В полку блюлась военная тайна. У личных отношений тайны не было. И офицеры, пряча улыбки, ждали, как поступит командир полка, чьей фаворитке публично бросили вызов.
Подполковник Штанько с вафельным полотенцем на шее и с мылом на голове, как и все присутствующие, смотрел на распиравшую гимнастерку грудь старшего сержанта и, по глазам видать, тоже прикидывал, можно ли этой грудью заткнуть сразу две вражеские амбразуры.
Циля Пизмантер ждала от него мужского поступка.
— Разговорчики, понимаешь… — сказал Штанько совсем не по-мужски. — Дисциплинка хромает. Ближе к делу, товарищи. Какие будут предложения?
Старший политрук Кац попросил слова:
— Не забывайте, товарищи, что наша кандидатура должна отвечать всем политическим требованиям, служить олицетворением, так сказать, нашего советского человека…
— Иметь чистую анкету? Верно я понял? — уточнил подполковник Штанько. — Тогда бери моего парикмахера. Жертвую для общего дела.
Рядовой Цацкес тем временем старательно скоблил бритвой затылок подполковника. До него не сразу дошло, что в этот самый момент ему вынесли смертный приговор. А когда он осознал, что подполковник имел в виду его, Моню Цацкеса, бритва дрогнула в его руке, и подполковник поморщился от боли:
— Эй, Цацкес, не зарежь! Ты еще не Герой Советского Союза… посмертно.
— И не буду, — мрачно сказал Цацкес, нарушив субординацию.
— А если Родина попросит? — Подполковник скосил глаза на своего парикмахера.
— Не попросит.
— Почему ты так уверен?
— По двум причинам.
— Каким?
— Политическим.
— Ух ты какой! — заиграл бровями подполковник Штанько. — Политически грамотный. Ну, растолкуй нам, дуракам, почему тебя нельзя послать на героическую смерть и какая из этого выйдет политическая ошибка.

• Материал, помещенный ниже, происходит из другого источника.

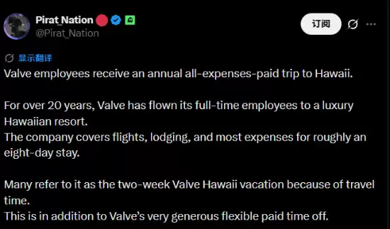 Valve的“隐藏福利”:一场持续二十年的夏威夷豪华之旅 最近,游戏圈被一条消息刷屏了。知名博主@Pirat_Nation爆料,游戏巨头Valve(俗称V社)内部有一项延续了二十多年的“传统艺能”——每年为全职员工提供一次全额报销的夏威夷豪华度假。 具体是怎么个豪华法?根据披露的信息,这项福利堪称“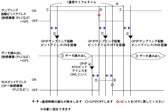 接続機器(PLCなど)が[ACKビットアドレス]がONしたことを検出したら、[サンプリング起動ビットアドレス]をOFFしてください。[サンプリング起動ビットアドレス]をOFFすると、[ACKビットアドレス]は自動的にOFFされます。

— Во-первых, — Моня спрятал свою бритву и указательным пальцем правой руки загнул левый мизинец, — у меня не чистая пролетарская биография. Я был буржуй. Эксплуататор, как справедливо говорит на политзанятиях наш агитатор товарищ Пизмантер. У меня в парикмахерской были два подмастерья, и я их жестоко эксплуатировал. Я же не знал, что к нам скоро придет советская власть, а то бы я с ними был помягче. Но что было, то было, и правду скрывать от советской власти не хочу.
Участники совещания переглянулись, и лица их выразили полное согласие с доводами рядового Цацкеса. Особенно усердно кивал старший политрук Кац, который не мог допустить, чтобы человеку с нечистой пролетарской биографией доверяли такую героическую смерть.
— Во-вторых, — с нарастающим воодушевлением загнул Моня второй палец, нашей дивизии нужен литовский герой. А не литовский еврей. В Литовской дивизии подвиги надо уступать литовцам. Это будет политически правильно.
— Ай да Цацкес! — восхитился Штанько. — Мудер, брат. Ничего не скажешь. А какого литовца ты посоветуешь? Их-то у нас не густо.
— Я знаю! — вскочила Циля Пизмантер, и грудь подпрыгнула вместе с ней и еще долго колыхалась. — Почтальон Валюнас. Он не строевой, его любой заменит. И биография чистая, что редко бывает. Из беднейших крестьян. Чистокровный литовец. Из Юрбаркаса. И хорошо будет выглядеть на портрете.
Старший политрук Кац ничего не смог возразить. Остальные одобрительно закивали. Кандидатуру Йонаса Валюнаса в Герои Советского Союза посмертно утвердили.
Дальше все шло как по нотам. Почтальон Йонас Валюнас, человек простой и малоразговорчивый, принял новость без особой радости, по и прекословить не стал: надо, так надо. Все равно погибать. Так уж лучше умереть, как начальство прикажет.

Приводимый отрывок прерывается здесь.